House Speakers & Polarization
Continuing my discussions on polarization I wanted to briefly discuss House Speaker’s. Below is a brief description on the previous five: Gingrich, Hastert, Pelosi, Boehner, and Ryan. Again, all of the data that I am using comes from Voteview. Generally speaking, that attitudes and beliefs of members of Congress remain constant. For more on that, you should read Changing Minds? Not in Congress! by Keith Poole, the primary individual behind Voteview. Below is a plot of the previous five speakers and their static locations with both dimensions using DW-NOMINATE points. The x-axis ( — , horizontal) represents economic scaling, and the y-axis (|, vertical) represents social scaling.

What we see is that Pelosi, Hastert, Gingrich, and Ryan are all scaled to being socially liberal. That is, they fall below the x-axis and have a score in the negative. Boehner is socially moderate and only very slightly to the right, that is, he is above the x-axis and has a score in the positive. The very distinct gap between these candidates based on their ideal points expressed above is that they differ significantly on economic policy. The the mean economic scale for the liberal coalition is -0.4, and Pelosi lands at -0.51. The ideological mean of the conservative coalition has shifted from +0.3 to +0.6. Gingrich is +0.37, and Ryan is +0.56.
In 2004, Keith Poole and Timothy Nokken adapted the static measure to better understand party defection. That measure is used below in the subsequent plots to show ideological movement for the previous five speaker’s. The Nokken-Poole scores show the deviation from a person’s ideal point to how they actually voted in each respective congress.
Below, each image on the left shows the linear change with respect to Nokken-Poole scores. Put another way, they show change over time for both measures. Each image on the right plots this change on a grid (or compass).
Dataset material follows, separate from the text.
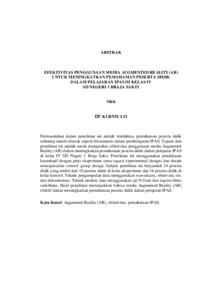 OI’ , KURNIYATI (2025) EFEKTIVITAS PENGGUNAAN MEDIA AUGMENTED REALITY (AR) UNTUK MENINGKATKAN PEMAHAMAN PESERTA DIDIK DALAM PELAJARAN IPAS DI KELAS IV SD NEGERI 1 BRAJA SAKTI. FAKULTAS KEGURUAN DAN ILMU PENDIDIKAN, UNIVERSITAS LAMPUNG.
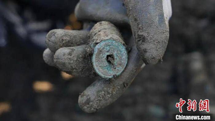 ▲考古工作者展示发掘出的钱币。 建湖县文化广电和旅游局

The images on the right are not linear, and therefore cannot tell you the difference between each congressional session, but it can show you a more specific spread of change. This is all expressed more thoroughly below.


Newt Gingrich fluctuated when it came to social policy throughout his tenure in the House, but generally he remained below the x-axis which means that he moderated from a clear liberal stance to almost middle of the road. The same was true for economic conservatism, but shifted more to the right at the end of his time.


Dennis Hastert remained economically conservative, shifting only slightly throughout his tenure in the House, and ended by being more socially conservative. Hastert’s social policy changed fairly dramatically from being clearly in the left, and ending by being a moderate conservative. Dennis Hastert started off as a right-leaning libertarian with moderate left social views and clearly right economic policies. By the end of his time in the House his voting patterns indicated a more moderate but traditional conservatism — meaning that he was leaning more to the right on both economic and social policies.


Nancy Pelosi has become only marginally less liberal on economic issues, but remains very liberal nonetheless. While her voting record on social issues indicates a far more moderated stance since the 110th Congress, it should be not worthy that she entered into the political right on social policies in the 110th, 111th, and 114th congressional sessions.


John Boehner saw a lot of fluctuation during the 110th, 111th, and 112th congressional sessions, and generally speaking throughout his time in the House. Boehner supported extreme socially conservative measures, but also voted for economically moderate views during the last three sessions of his tenure.


Paul Ryan remained fairly stable on economic issues but has steadily moved closer to moderate conservative views since the 111th congress. In contrast, Ryan has reversed his social views, starting at -0.2 (a moderate liberal view) to +2.0 (a moderate conservative view). It’s noteworthy though that he voted for far more liberal social policy before moderating to the right. By some measure, Paul Ryan started off as a right-leaning libertarian. That is, he was left on social issues, and right on economic. By the 115th congress, however, he has shifted from being a right-libertarian to a moderate or traditional conservative.
The most fluctuation when it comes to roll call votes is on social policies, not economic. This may be that social policies function as a type of political capital to be traded for economic policies. Moreover, Pelosi and Hastert remained economically within a very close distance to static scores. In other words, there was very little change over time. Boehner and Ryan both shifted to the left on economic issues, and to the right on social policies. Ryan’s change was graduate, whereas Boehner’s was very dramatic. These changes may well be the product of the 2010 midterm elections. While the 2008 general elections brought with it a more vocal Tea Party as it related to economic woes, the 2010 and 2012 midterm and general brought with it a larger wave of social conservatives.
That said, it may be that ideal locations (dw-nominate scores) are static, and because the complex nature of politics and roll call votes what we actually see in a linear fashion is a reflection of political deals. To express this in an example, Pelosi’s shift on social policies into minor moderate conservatism may be a reflection of a need to vote on conservative social policy in order to secure other political goals rather than a reflection of a change in her core values.
Whatever the reasons, it is interesting to see the trends over time, and I believe that this is a valuable insight into other aspects of congressional polarization.